Himyar was a polity in the southern highlands of Yemen, as well as the name of the region which it claimed. Until 110 BCE, it was integrated into the Qatabanian kingdom, afterwards being recognized as an independent kingdom. According to classical sources, their capital was the ancient city of Zafar, relatively near the modern-day city of Sana'a. Himyarite power eventually shifted to Sana'a as the population increased in the fifth century. After the establishment of their kingdom, it was ruled by kings from dhū-Raydān tribe. The kingdom was named Raydān.

The kingdom conquered neighbouring Saba' in c. 25 BCE (for the first time), Qataban in c. 200 CE, and Haḍramaut c. 300 CE. Its political fortunes relative to Saba' changed frequently until it finally conquered the Sabaean Kingdom around 280. With successive invasion and Arabization, the kingdom collapsed in the early sixth century, as the Kingdom of Aksum conquered it in 530 CE.
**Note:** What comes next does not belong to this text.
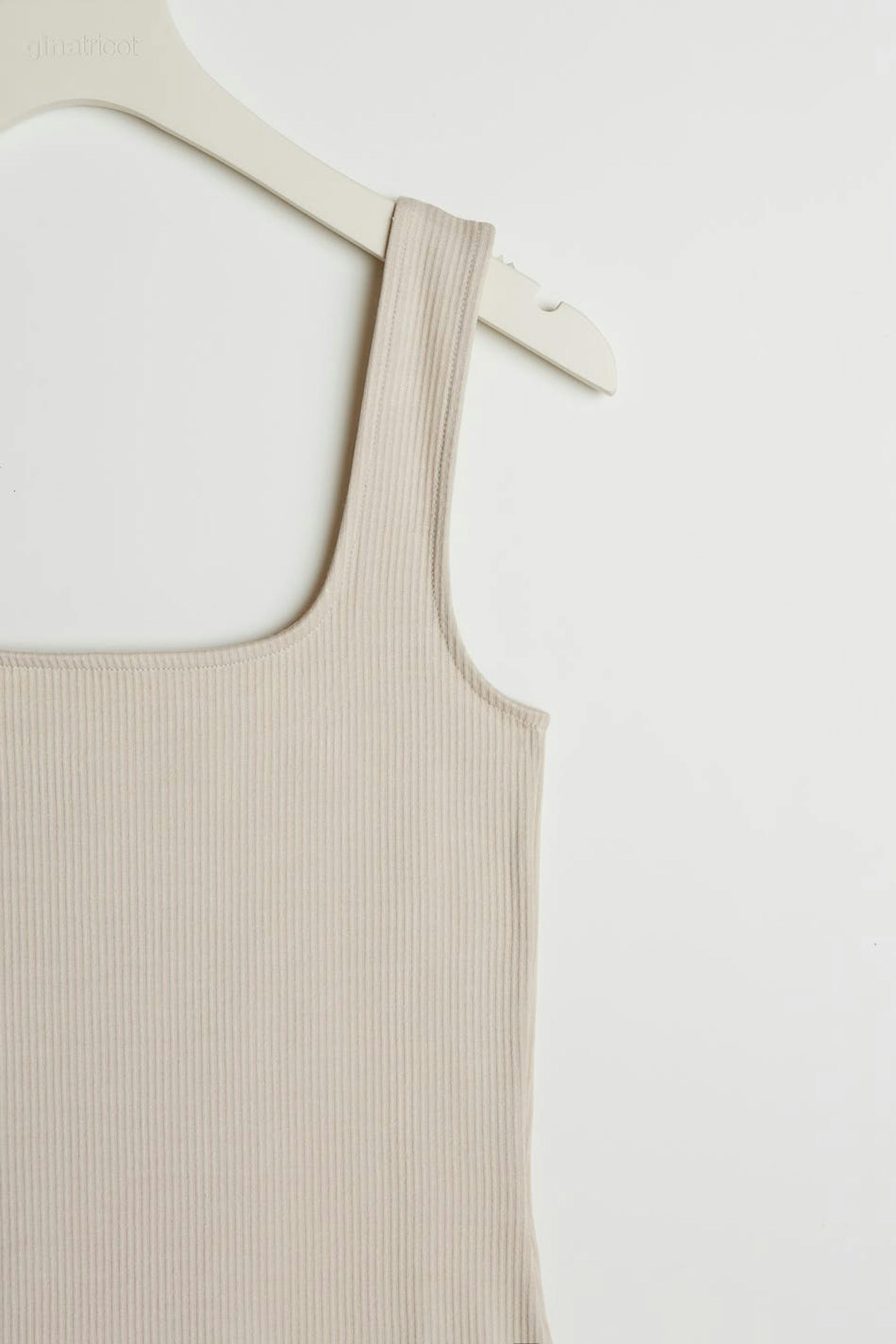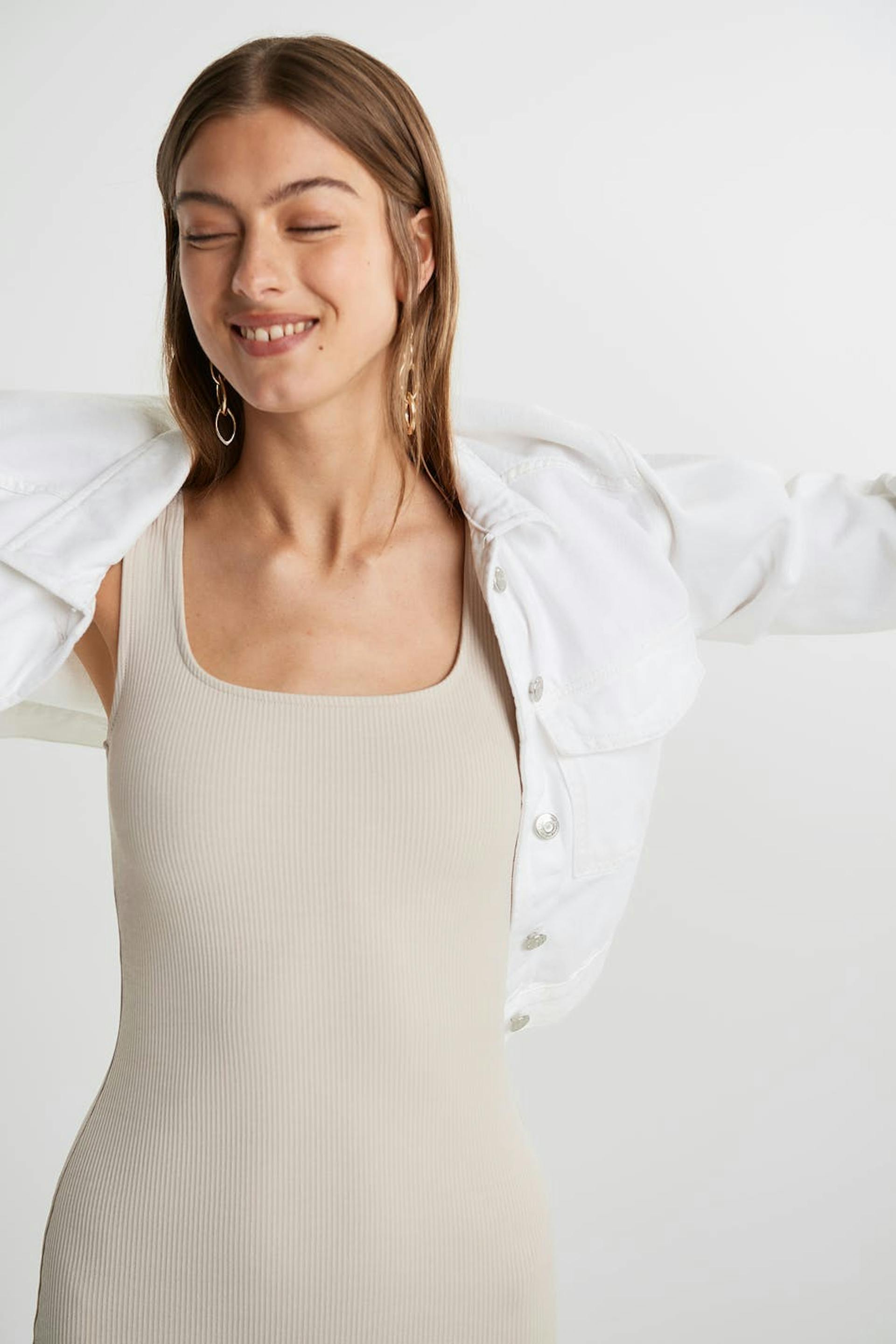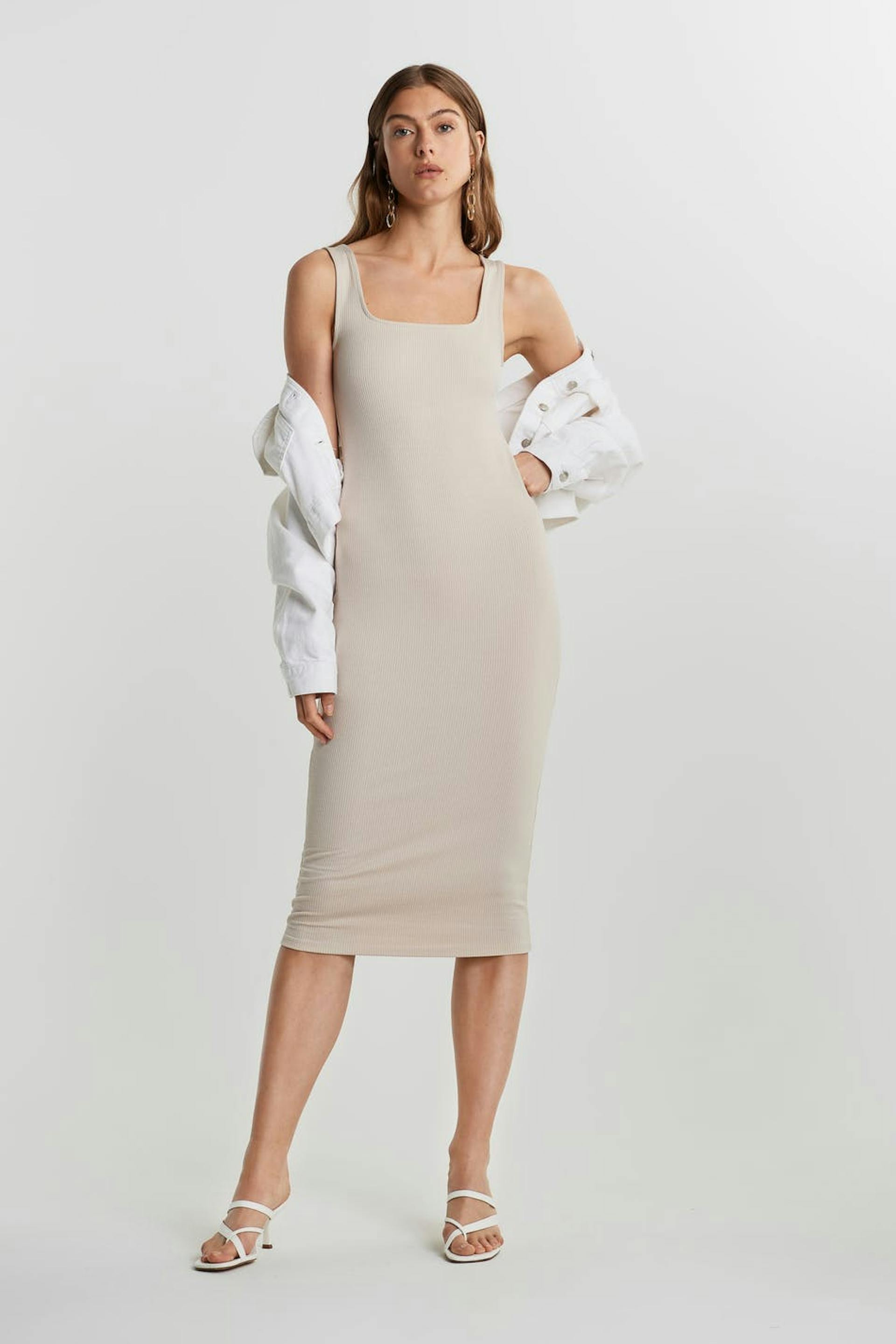 Rib-knit dress with a fitted fit. The dress is beige and calf-length and has a square neckline. It has a fitted fit.

The Himyarites originally worshiped most of the South-Arabian pantheon, including Wadd, ʿAthtar, 'Amm and Almaqah. Since at least the reign of Malkikarib Yuhamin (c. 375–400 CE), Judaism was adopted as the de facto state religion. The religion may have been adopted to some extent as much as two centuries earlier, but inscriptions to polytheistic deities ceased after this date. It was embraced initially by the upper classes, and possibly a large proportion of the general population over time. Native Christian kings ruled Himyar in 500 CE until 521–522 CE as well, Christianity itself became the main religion after the Aksumite conquest in 530 CE.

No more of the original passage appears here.